Thursday 13 October 2016

telling stories...

A little while ago, I discovered a little stash of my old school yearbooks. My mum and dad have got all my old reports kicking about somewhere too – that’s fun for another day – but these were the end-of-year magazines that told parents about how the sporting teams had been getting on, who won what prize and things like that. They also contain little poems and short stories and things written by the pupils.

One issue was from about 1985, and I was amused to discover that it included a little short story that I’d written – aged 11. It’s probably about 500 words long, and much to my surprise, was quite interesting. It tells the story of a couple of guys walking along Hadrian’s wall (I think we’d been on holiday in Carlisle that summer). Something underfoot catches the eye of one of the walkers, and they stop to pick up a piece of rusty metal…. at which point we flash back to a Roman garrison manning the wall and see the attack by the Picts that led to the end of a sword breaking off in someone’s chest. The fragment of metal is dropped in surprise, and we’re taken back to the present day.

Not too bad, I thought…. but it’s not even the best story in the magazine: there’s another one, set in an unspecified future where a teacher is telling her class about an animal called an “abbit” that used to be common but has now disappeared entirely and has almost been forgotten. This story ends in another classroom, a little further into the future, where another teacher is telling another class about an animal called a “bbit” that used to be common but has now disappeared entirely.... This story was written by an 11 year old in 1985, but it’s so striking that it has stayed with me ever since.
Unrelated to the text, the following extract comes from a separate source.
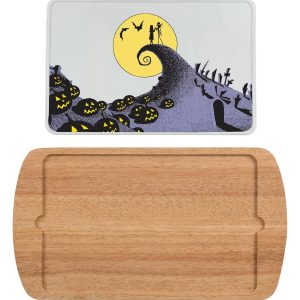 Bright and refined, the Billboard Glass Top Serving Tray is a rubberwood cutting board with a removable and customizable glass plate top that features decoration of Disney Nightmare Before Christmas Jack & Sally . Glass is tempered and measures: 14 x 9.875 x .2 inches. Rubberwood base measures 17.5 x 9.75 x 7.55 inches.
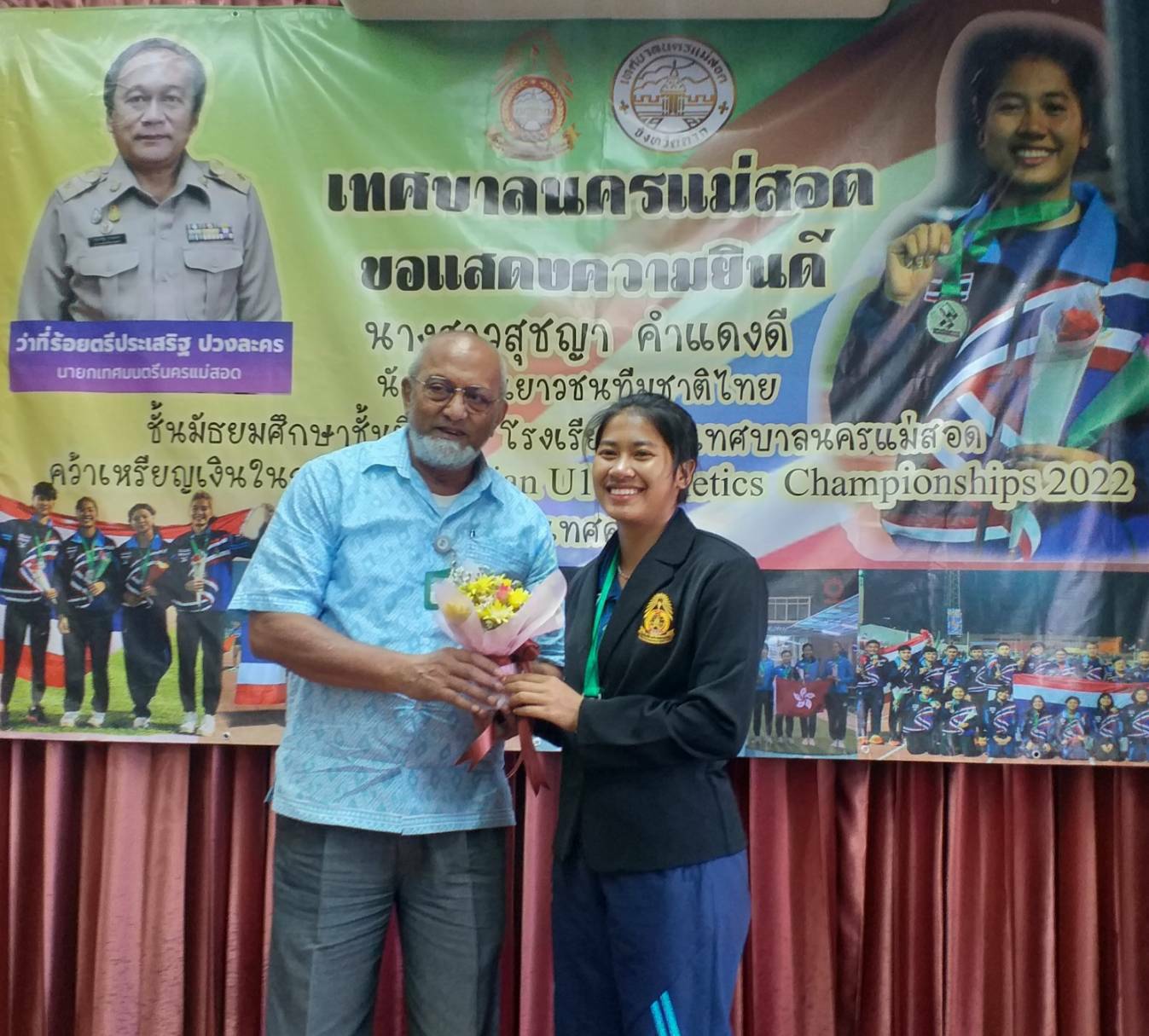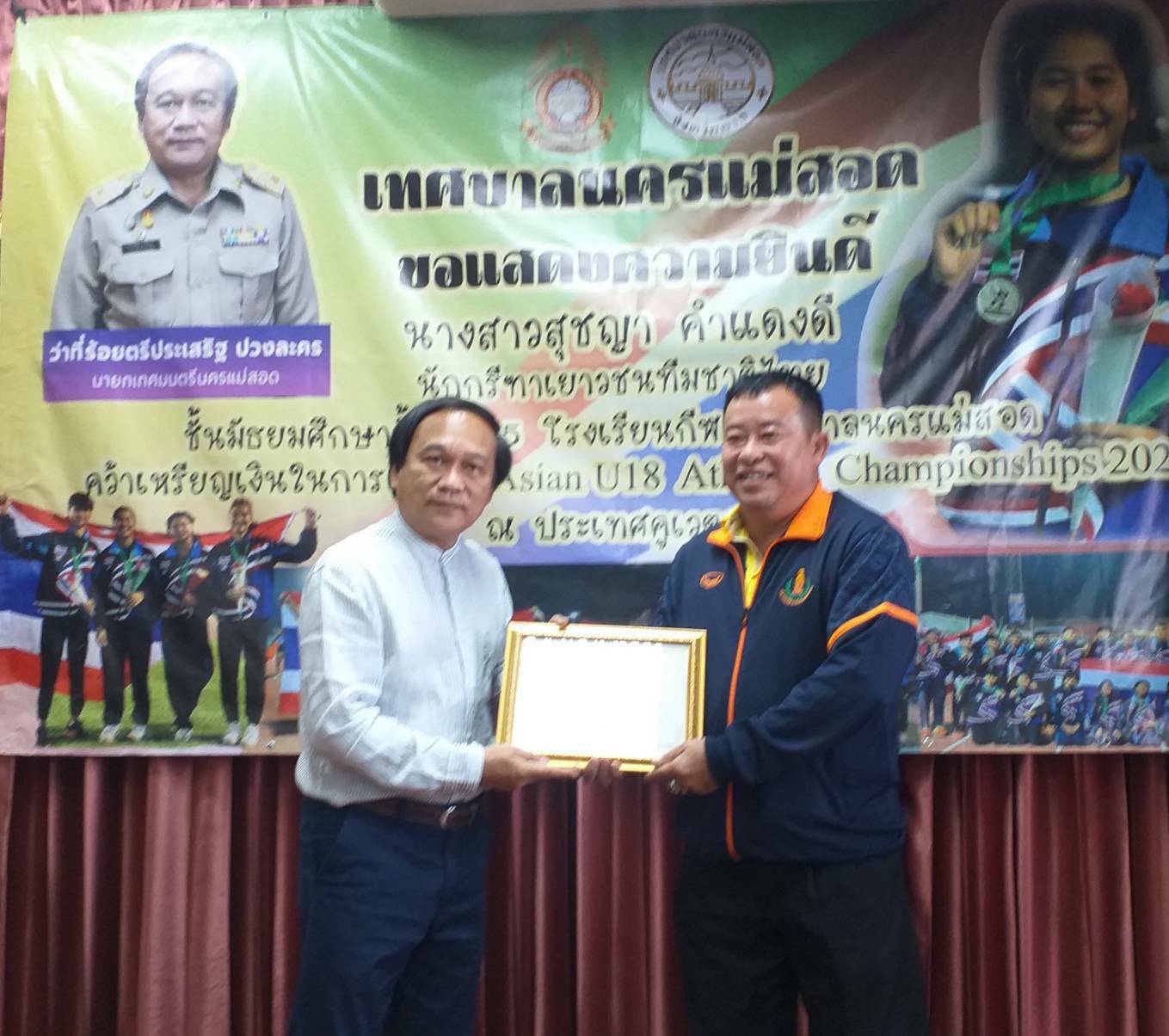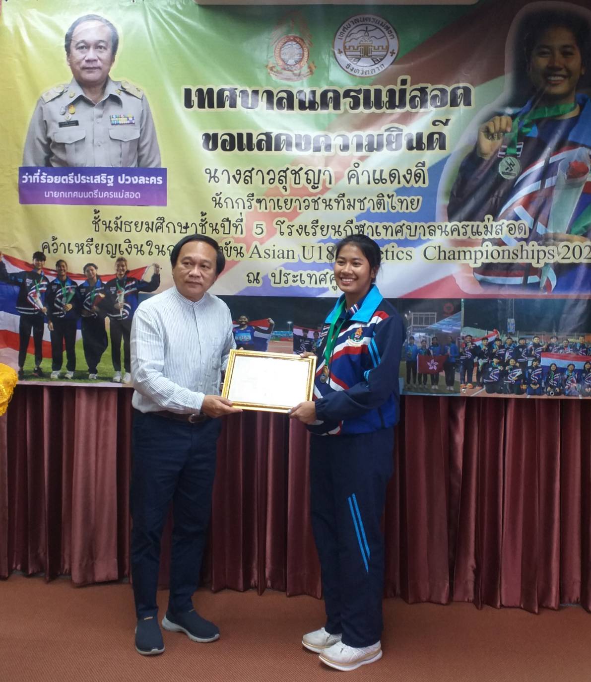 นายกเทศมนตรีนครแม่สอด จ.ตาก ร่วมแสดงความยินดีกับ น.ส.สุชญา คำแดงดี (น้องนุ่น) คว้าเหรียญเงิน ในการแข่งขัน Asian U 18 Athetics Championships 2022 ที่ประเทศคูเวต

In fact, the environmental message it conveys is, if anything, more resonant now than it was then.

I’ll have to have a dig around and see if I can’t find it again to at least give you the name of the author to give them a bit of credit.

In 1987, I was made Head of School at this place. I often tell people that this – at age thirteen – was the peak of my maturity and that it’s been a slow decline from that high point ever since. I think that my creative writing peaked about the same time too.